The sudden crisis – the price of rice has
more than tripled since January – has experts calling for major changes in food production to improve crop yields and cut waste.
"The world has come together in the past," said Robert Zeigler, director general of the International Rice Research Institute in Los Banos, Philippines. "They could come together again to make sure that humanity has enough to eat. We just need the political will."
Zeigler's comments came as Philippine President Gloria Macapagal-Arroyo visited the institute, underscoring the need to show a grumbling public that the government was doing something to deal with the rice prices and stocks.
Thailand, the world's biggest rice exporter, says it wants to form a cartel like Opec (Organisation of the Petroleum Exporting Companies) with Laos, Burma, Cambodia and Vietnam to give them more control over international rice prices.
"Though we are the food centre of the world, we have had little influence on the price," Thai government spokesman Vichienchot Sukchokrat said. "With the oil price rising so much, we import expensive oil but sell rice very cheaply, and that's unfair to us and hurts our trade balance."
Laos foreign ministry spokesman Yong Chanthalansy said his country would "seriously consider" the idea, saying a cartel would give the five countries "bargaining power". Cambodia also welcomed the cartel idea as necessary.
The run-up in rice prices has come amid global food inflation, poor weather in some rice-producing nations and demand that has outstripped supply.
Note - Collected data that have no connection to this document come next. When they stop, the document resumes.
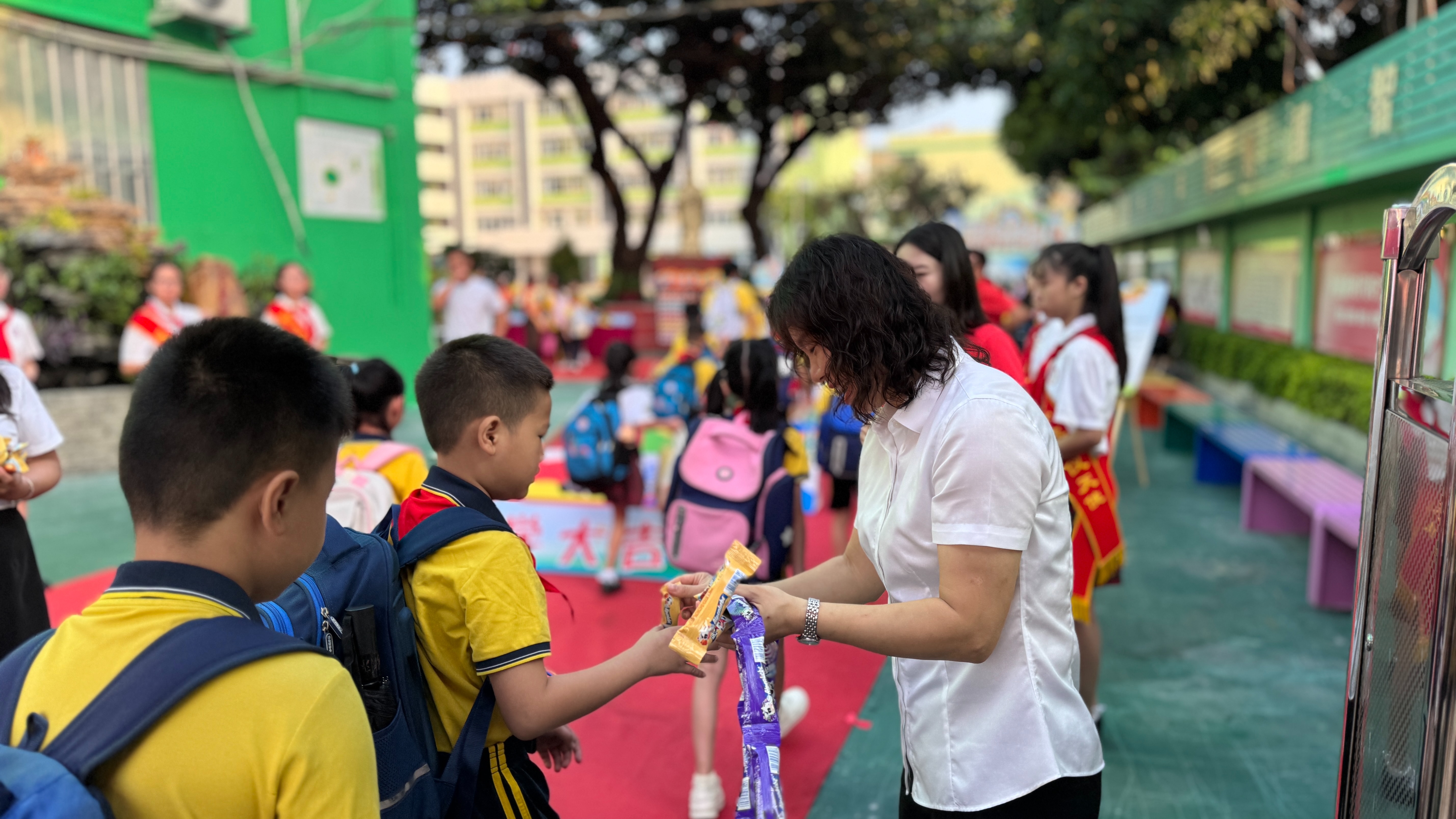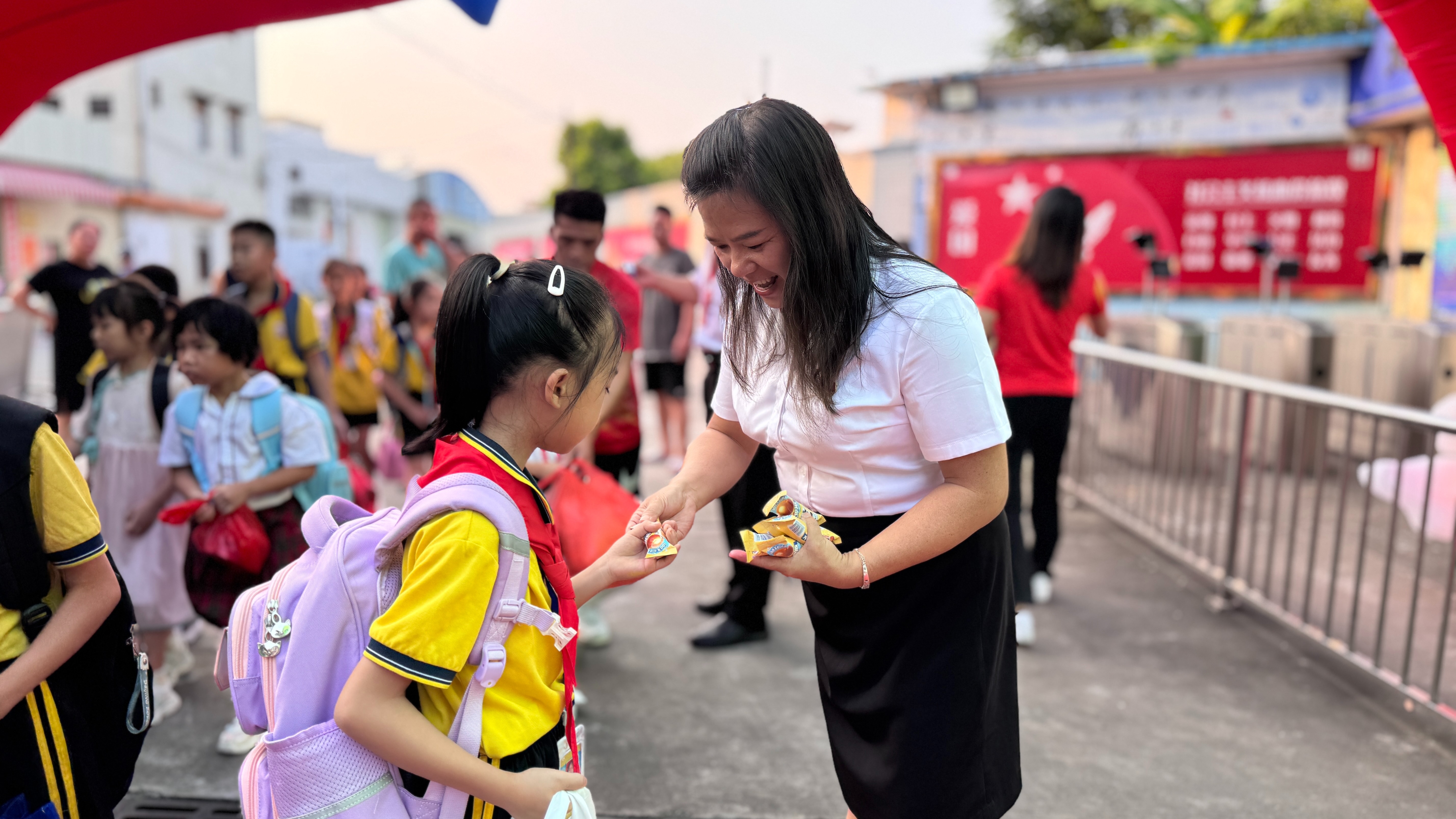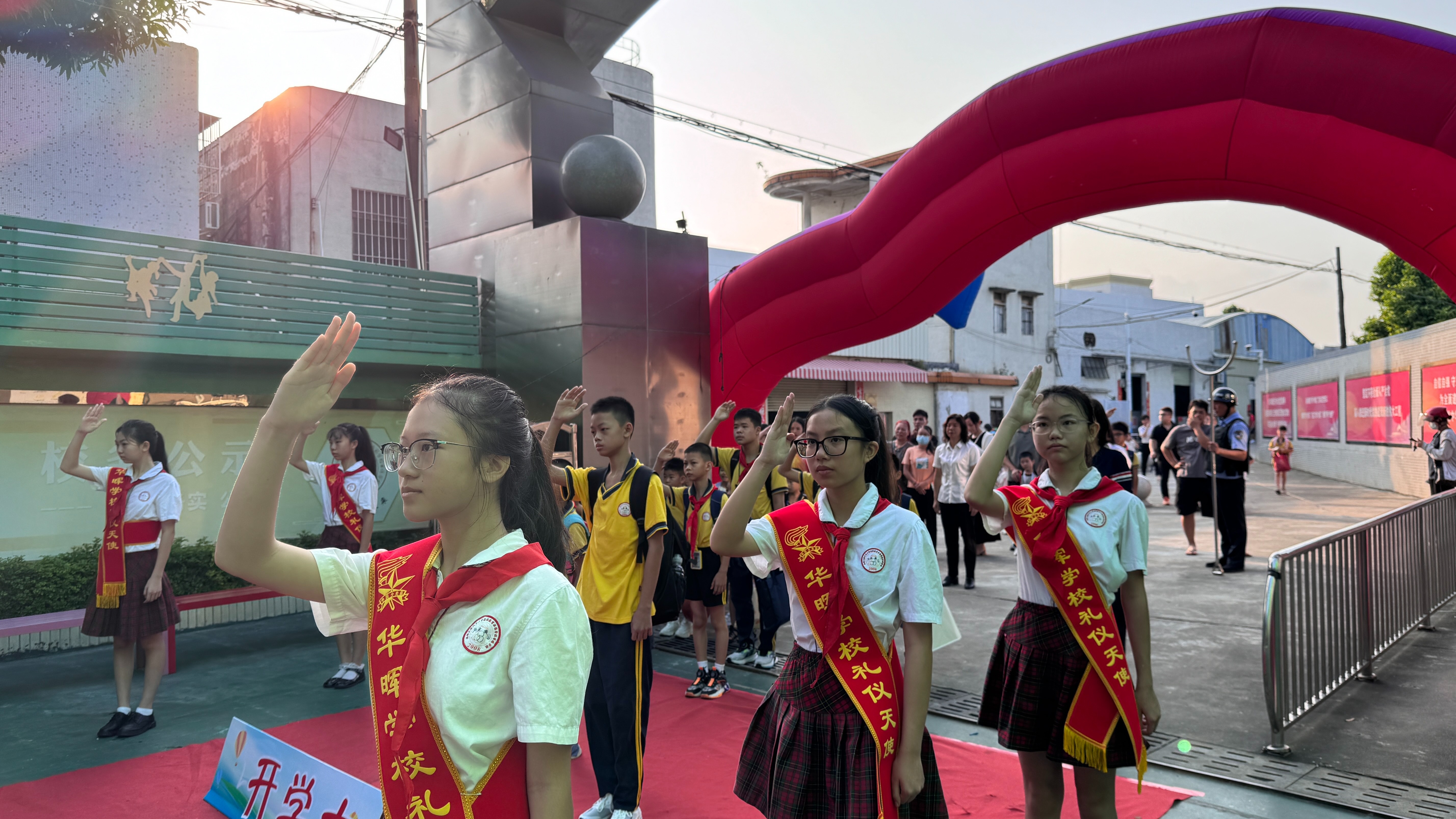 你看,学校行政们在校门口亲切地迎接每一位学生,为同学们送上一份棒棒糖,祝愿孩子们在新的学年里,身体棒!学习棒!心情棒!华晖学子漫步走过红毯,跨过开学愿景,沿着学生摆台依次摸苹果、橘子、大葱、芹菜和胡萝卜等,寓意新学期平安大吉,聪明伶俐。全体华晖学子脸上洋溢着幸福的笑容,以饱满的精气神迎接新学年的到来,开启新学年的开学第一天。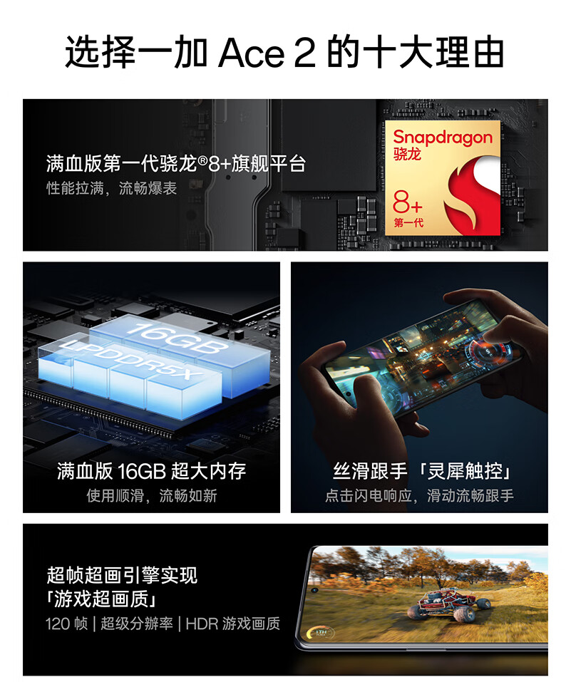 商品名称:OPPO 一加 Ace 2 16GB+256GB 冰河蓝 满血版骁龙®8+旗舰平台 1.5K灵犀触控屏 超帧超画引擎 5G游戏电竞手机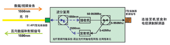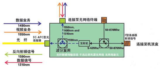 光纖連接至安裝在用戶住所的微型光站,后者負責(zé)將光信號轉(zhuǎn)換成可以在用戶的家庭網(wǎng)絡(luò)中傳輸?shù)男盘???梢酝ㄟ^同軸電纜將視頻業(yè)務(wù)傳輸至機頂盒,并將語音和數(shù)據(jù)業(yè)務(wù)傳輸至嵌入式媒體終端適配器(eMTA),后者再通過用戶家中的電話線連接至模擬電話系統(tǒng)或者通過以太網(wǎng)或WiFi 端口連接至PC 。通過采用1310nm或1590nm波長的反向通道,將語音、數(shù)據(jù)和視頻業(yè)務(wù)傳輸至接收平臺,再由后者轉(zhuǎn)換光信號并將之發(fā)送回CMTS。

Some Asian countries, including India and Vietnam, have contributed to the problem by curbing rice exports to guarantee their own supplies.
But Zeigler said it would be difficult to apply the Opec model to rice. "Rice is grown by millions of farmers in one, two, three acres of land," he said. "Oil is produced by a few multinational companies in a few countries. So the differences are so large as to make any comparison between the two wild fantasies."
He said he would prefer to see a world buffer stock.